(Dataset section)
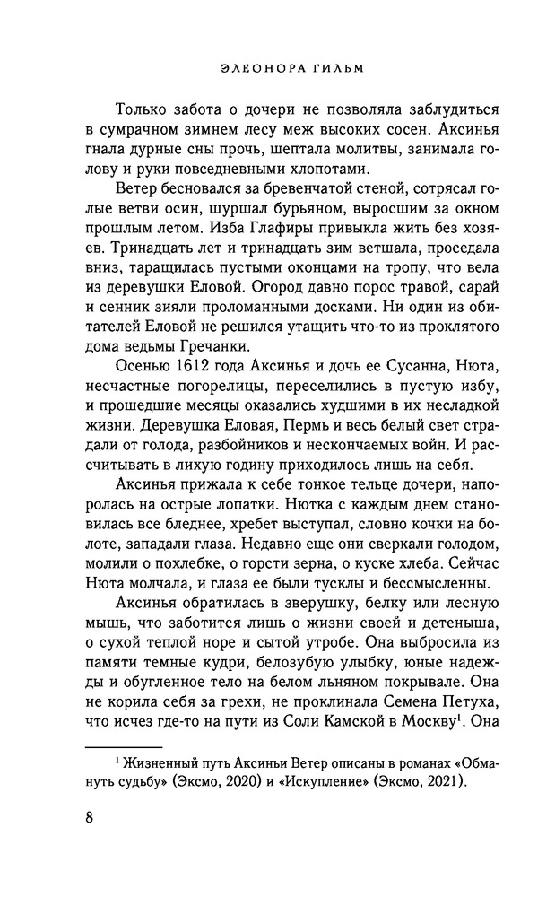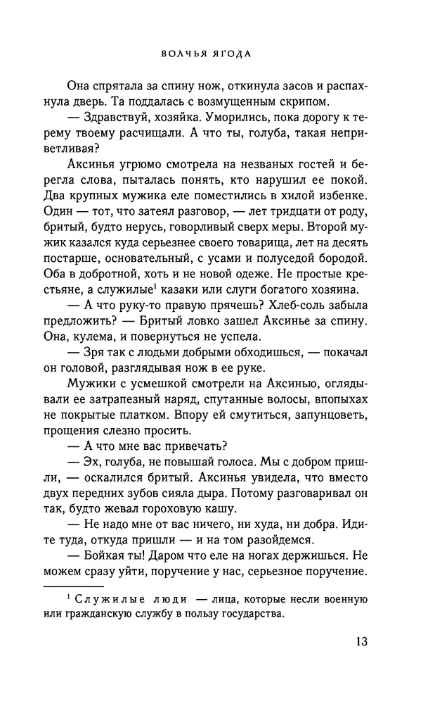мне понравилась книга, это третья о судьбе Аксиньи Вороновой. читаю с удовольствием. много рассказано о жизни крестьян на Руси. написано хорошо и легко читается.
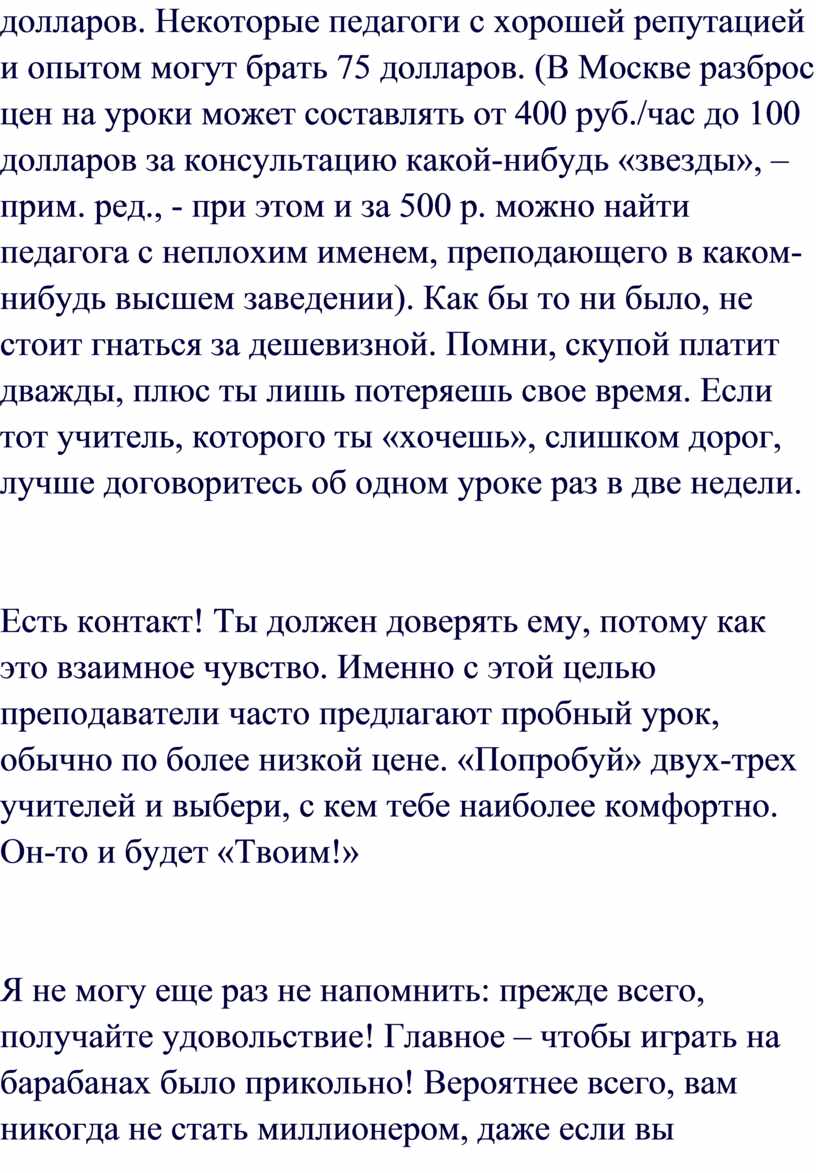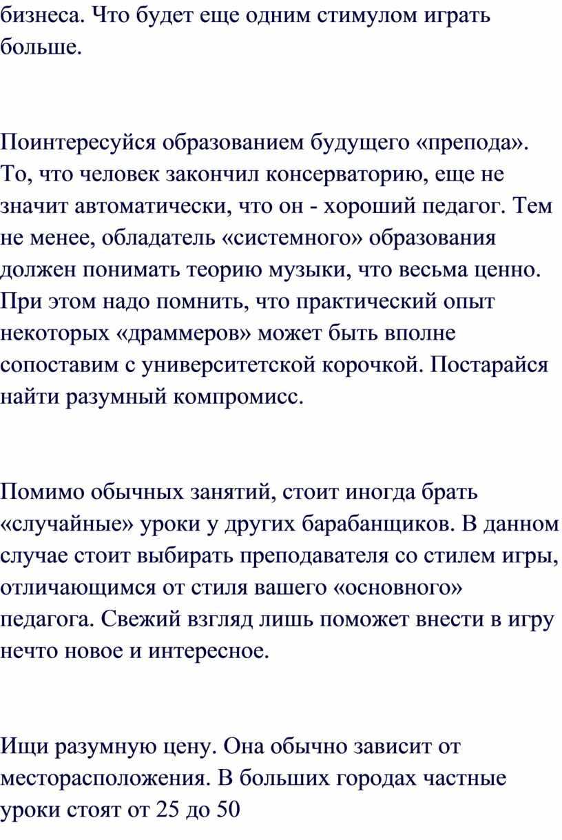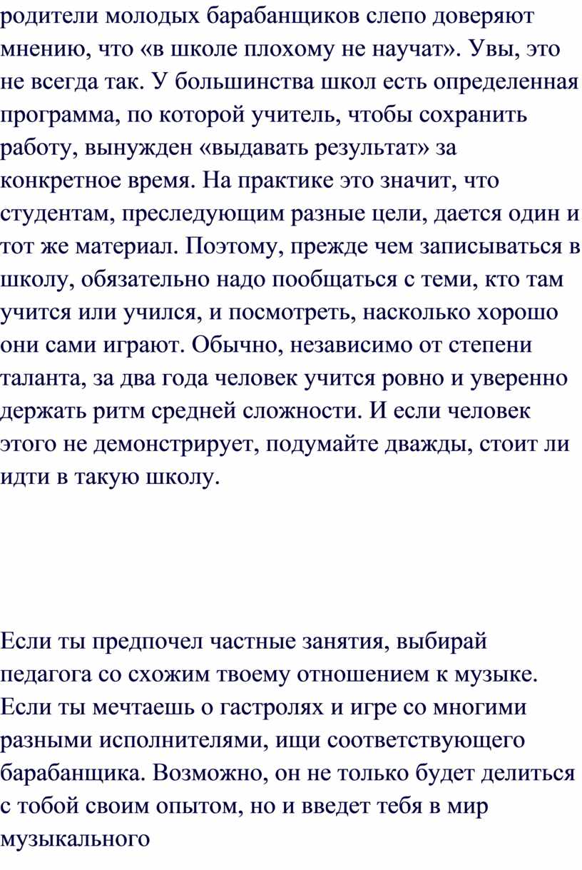 (даже к тем, которые не собираются стать профессиональными музыкантами)
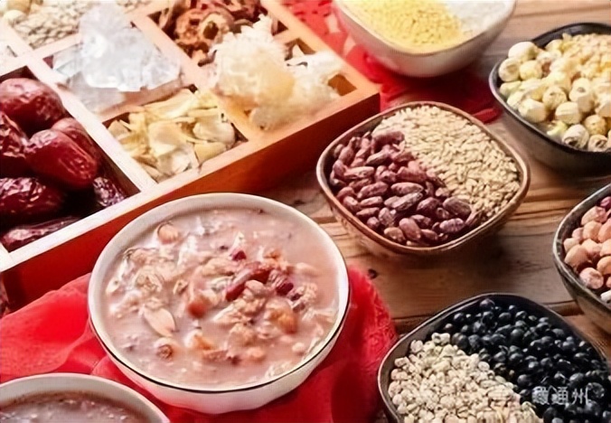 腊月初八俗称“腊八”,早晨熬腊八粥。光绪五年《通州志》载:“八日,用各种栗、米杂诸果同煮,曰‘腊八粥’”清富察敦崇的《燕京岁时记》说的更详细了:“腊八粥者,用黄米、白米、江米、小米、菱角米、栗子、红豇豆、去皮枣泥等,合水煮熟,外用染红核桃仁、杏仁、瓜子、花生、榛穰、松子,及白糖、红糖、……葡萄,以作点染。切不可用莲子、扁豆、薏米,用则伤味。每至腊七日,则剥果涤器,终夜经营,至天明则粥熟矣。除祀先供佛外,分馈亲友,不能过午。”通州主要以普通“杂豆米”为主。富户用料诸如大米、小米、玉米渣、高粱米、红薯、花生仁、瓜子仁、核桃仁、红枣、栗子、红豆、绿豆等,穷家则尽其所有,一般是小米、玉米渣、红豆、红薯等几种。熬腊八粥多在初七作好泡豆、淘米、煮栗、洗枣等准备工作,后半夜开始熬,天亮前熬好,初八清晨各商号、官宦富户之间相互馈送。馈送时撒放青丝、红丝、蜜钱果脯、荔枝肉、桂元肉、桃仁、杏仁、核桃仁、松子、瓜子等果料。吃时加红糖、白糖、玫瑰木樨等甜料。各家在佛前、祖先桌供腊八粥。

(Directions)
The whole listing above must be set down again exactly, but without its images.

(Reply)
мне понравилась книга, это третья о судьбе Аксиньи Вороновой. читаю с удовольствием. много рассказано о жизни крестьян на Руси. написано хорошо и легко читается.
 (даже к тем, которые не собираются стать профессиональными музыкантами)
 腊月初八俗称“腊八”,早晨熬腊八粥。光绪五年《通州志》载:“八日,用各种栗、米杂诸果同煮,曰‘腊八粥’”清富察敦崇的《燕京岁时记》说的更详细了:“腊八粥者,用黄米、白米、江米、小米、菱角米、栗子、红豇豆、去皮枣泥等,合水煮熟,外用染红核桃仁、杏仁、瓜子、花生、榛穰、松子,及白糖、红糖、……葡萄,以作点染。切不可用莲子、扁豆、薏米,用则伤味。每至腊七日,则剥果涤器,终夜经营,至天明则粥熟矣。除祀先供佛外,分馈亲友,不能过午。”通州主要以普通“杂豆米”为主。富户用料诸如大米、小米、玉米渣、高粱米、红薯、花生仁、瓜子仁、核桃仁、红枣、栗子、红豆、绿豆等,穷家则尽其所有,一般是小米、玉米渣、红豆、红薯等几种。熬腊八粥多在初七作好泡豆、淘米、煮栗、洗枣等准备工作,后半夜开始熬,天亮前熬好,初八清晨各商号、官宦富户之间相互馈送。馈送时撒放青丝、红丝、蜜钱果脯、荔枝肉、桂元肉、桃仁、杏仁、核桃仁、松子、瓜子等果料。吃时加红糖、白糖、玫瑰木樨等甜料。各家在佛前、祖先桌供腊八粥。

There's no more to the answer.